Information supplied: Begin

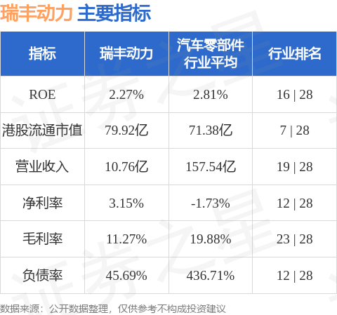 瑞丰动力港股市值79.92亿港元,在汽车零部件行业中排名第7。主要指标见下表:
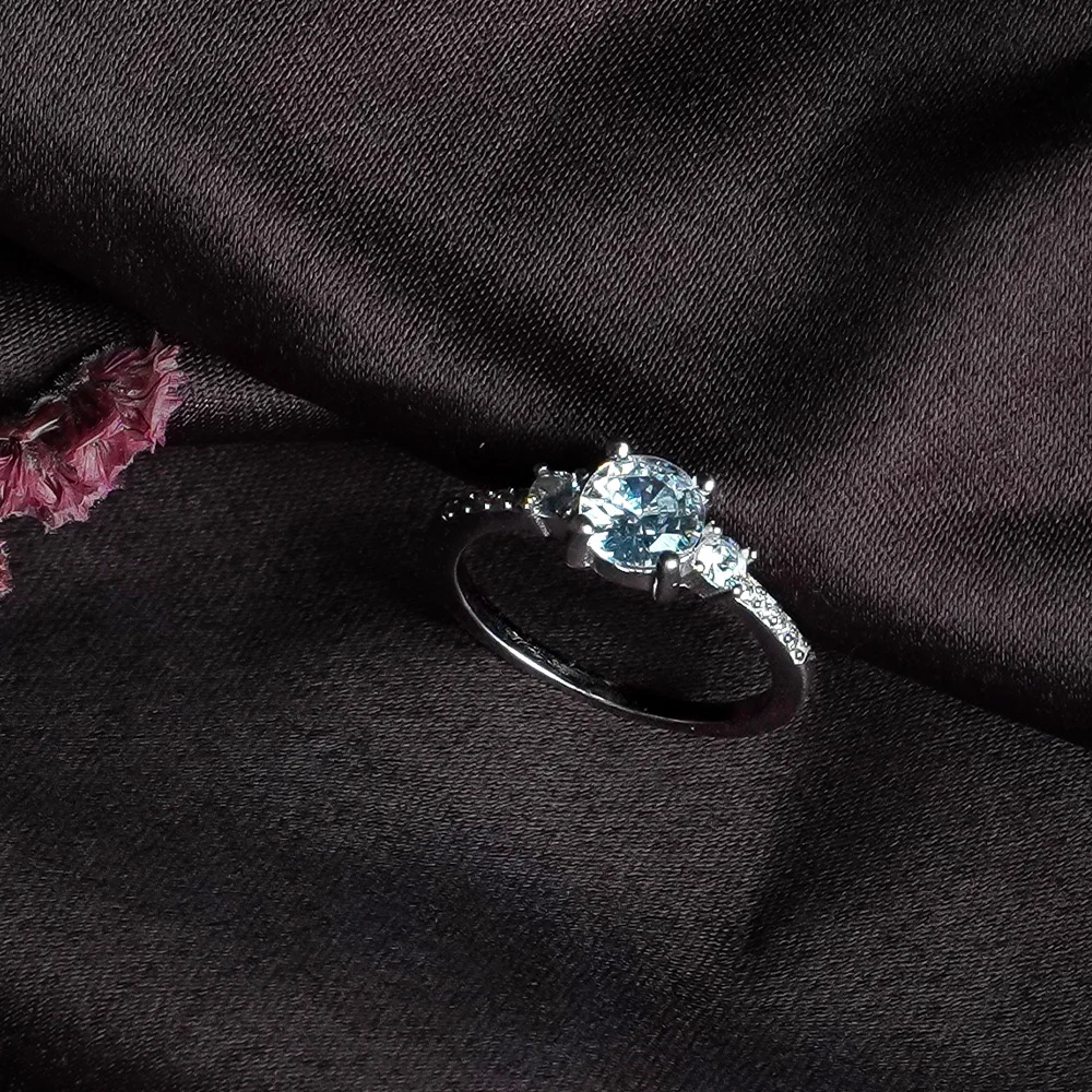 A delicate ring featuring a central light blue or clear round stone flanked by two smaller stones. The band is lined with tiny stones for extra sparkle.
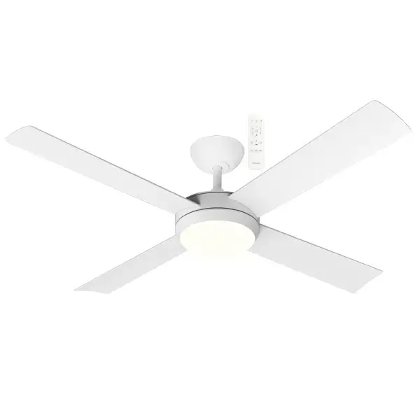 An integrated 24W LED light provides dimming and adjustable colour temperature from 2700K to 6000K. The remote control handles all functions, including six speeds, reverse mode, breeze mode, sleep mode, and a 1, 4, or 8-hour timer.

Information supplied: End

# Your goal:
Give the preceding data back exactly, minus every picture.

# Solved problem:
 瑞丰动力港股市值79.92亿港元,在汽车零部件行业中排名第7。主要指标见下表:
 A delicate ring featuring a central light blue or clear round stone flanked by two smaller stones. The band is lined with tiny stones for extra sparkle.
 An integrated 24W LED light provides dimming and adjustable colour temperature from 2700K to 6000K. The remote control handles all functions, including six speeds, reverse mode, breeze mode, sleep mode, and a 1, 4, or 8-hour timer.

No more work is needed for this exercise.